Ibrahim Ahmed, Crockard Alan, Antonietti Pierre, Boriani Stefano, Bünger Cody, Gasbarrini Alessandro, Grejs Anders, Harms Jürgen, Kawahara Norio, Mazel Christian, Melcher Robert, Tomita Katsuro
Victor Horsley Department of Neurosurgery, The National Hospital for Neurology and Neurosurgery, London, United Kingdom.
J Neurosurg Spine. 2008 Mar;8(3):271-8. doi: 10.3171/SPI/2008/8/3/271.
Opinions vary widely as to the role of surgery (from none to wide margin excision) in the management of spinal metastases. In this study the authors set out to ascertain if surgery improves the quality of remaining life in patients with spinal metastatic and tumor-related systemic disease.
The authors included 223 patients in this study who were referred by oncologists and physicians over a 2-year period. All underwent surgery. Surgery was classified according to extent of excision ranging from en bloc excision or debulking to palliative surgery. All patients had a histologically confirmed diagnosis of epithelial spinal metastasis, and an oncology specialist undertook appropriately indicated adjuvant therapy in almost half of the patients.
The mean patient age was 61 years. Excisional en bloc or debulking surgery was performed in 74%; the rest had (minimal) palliative decompression. All patients considered for surgery were included in the study. Patients presented with pain in 92% of cases, paraparesis in 24%, and abnormal urinary sphincter function in 22% (5% were incontinent). Breast, renal, lung, and prostate accounted for 65% of the cancers, and in 60% of patients there were widespread spinal metastases (Tomita Type 6 or 7). The incidence of perioperative death (within 30 days of surgery) was 5.8%. Postoperatively 71% of the entire group had improved pain control, 53% regained or maintained their independent mobility, and 39% regained urinary sphincter function. The median survival for the cohort was 352 days (11.7 months); those who underwent excision survived significantly longer than those in the palliative group (p = 0.003).
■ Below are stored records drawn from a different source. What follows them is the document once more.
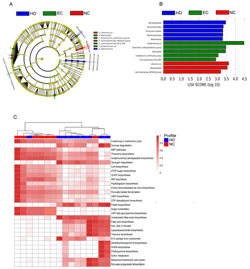 LefSe analysis was used to compare the gut microbiota of EC, NC, and HD groups. Figure 2A,B show differences in the abundance of taxonomic clades of LDA score >2.0 among EC, NC, and HD individuals. The gut microbiota of the EC group was dominated by taxa Acidaminococcus, Clostridium methylpentosum group, Barnesiella, Eubacterium coprostanoligenes group, and Lachnospiraceae UCG-004, whereas the NC group showed high scores for the family Atopobiaceae, and genera Libanicoccus and Lachnospiraceae NK3A20 group. The features identified by LefSe as being differentially abundant were confirmed by standard statistical analysis using Kruskal–Wallis test (Figure S2). PICRUSt analysis was performed to determine whether the taxonomic differences between the groups’ microbiota corresponded to functional changes, but we found no significant differences between HD and EC groups or between EC and NC groups (data not shown). However, we identified 30 KEGG pathways as significantly different between NC and HD groups (Figure 2C). PICRUSt analyses demonstrated that the NC group’s microbiota exhibits increased S-adenosyl-L-methionine cycle, methylerythritol phosphate pathway, and biosynthesis of threonine, acetylmuramoyl pentapeptide, peptidoglycan, CoA, and CDP-diacylglycerol. Conversely, the microbiota of NC subjects was depleted for sucrose and glycogen degradation, biosynthesis of thiamine, folate, fatty acids, unsaturated fatty acids and lipopolysaccharides, B12 Salvage from cobinamide and sulfur metabolism (p < 0.05).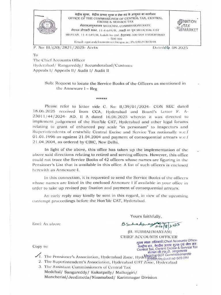 The document is a request from the Chief Accounts Office to locate the Service Books of 42 officers in order to implement a court judgment regarding enhanced pay scales for Inspectors and Superintendents of Central Excise and Service Tax. The request is made in light of upcoming contempt proceedings and includes a list of the officers whose Service Books are needed. An early response is requested to facilitate the revised pay fixation and payment of arrears.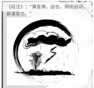 《说文》:“雷,阴阳薄动雷雨,生物者也。从雨,畾(léi)声象回转形。鲁回切(léi)。”

As with survival results, functional improvement outcome was better in those who underwent excision.
Surgical treatment was effective in improving quality of life by providing better pain control, enabling patients to regain or maintain mobility, and offering improved sphincter control. Although not a treatment of the systemic cancer, surgery is feasible, has acceptably low mortality and morbidity rates, and for many will improve the quality of their remaining life.
关于手术(从无手术到广泛边缘切除)在脊柱转移瘤治疗中的作用,观点差异很大。在本研究中,作者着手确定手术是否能改善脊柱转移瘤及肿瘤相关全身性疾病患者的剩余生活质量。
作者在本研究中纳入了223例患者,这些患者是在两年时间里由肿瘤学家和内科医生转诊而来的。所有患者均接受了手术。手术根据切除范围分类,从整块切除或减瘤手术到姑息性手术。所有患者均经组织学确诊为上皮性脊柱转移瘤,近一半患者由肿瘤专科医生进行了适当的辅助治疗。
患者的平均年龄为61岁。74%的患者接受了整块切除或减瘤手术;其余患者接受了(最小限度的)姑息性减压手术。所有考虑手术的患者均纳入研究。92%的患者出现疼痛,24%的患者出现轻瘫,22%的患者出现尿道括约肌功能异常(5%为尿失禁)。乳腺癌、肾癌、肺癌和前列腺癌占癌症的65%,60%的患者存在广泛的脊柱转移(Tomita 6型或7型)。围手术期死亡(手术30天内)发生率为5.8%。术后,整个组中71%的患者疼痛控制得到改善,53%的患者恢复或保持了独立活动能力,39%的患者恢复了尿道括约肌功能。该队列的中位生存期为352天(11.7个月);接受切除手术的患者比姑息治疗组的患者存活时间显著更长(p = 0.003)。与生存结果一样,接受切除手术的患者功能改善结果更好。
手术治疗通过更好地控制疼痛、使患者恢复或保持活动能力以及改善括约肌控制,有效提高了生活质量。虽然手术并非全身性癌症的治疗方法,但它是可行的,死亡率和发病率低至可接受水平,并且对许多患者而言能改善其剩余生活质量。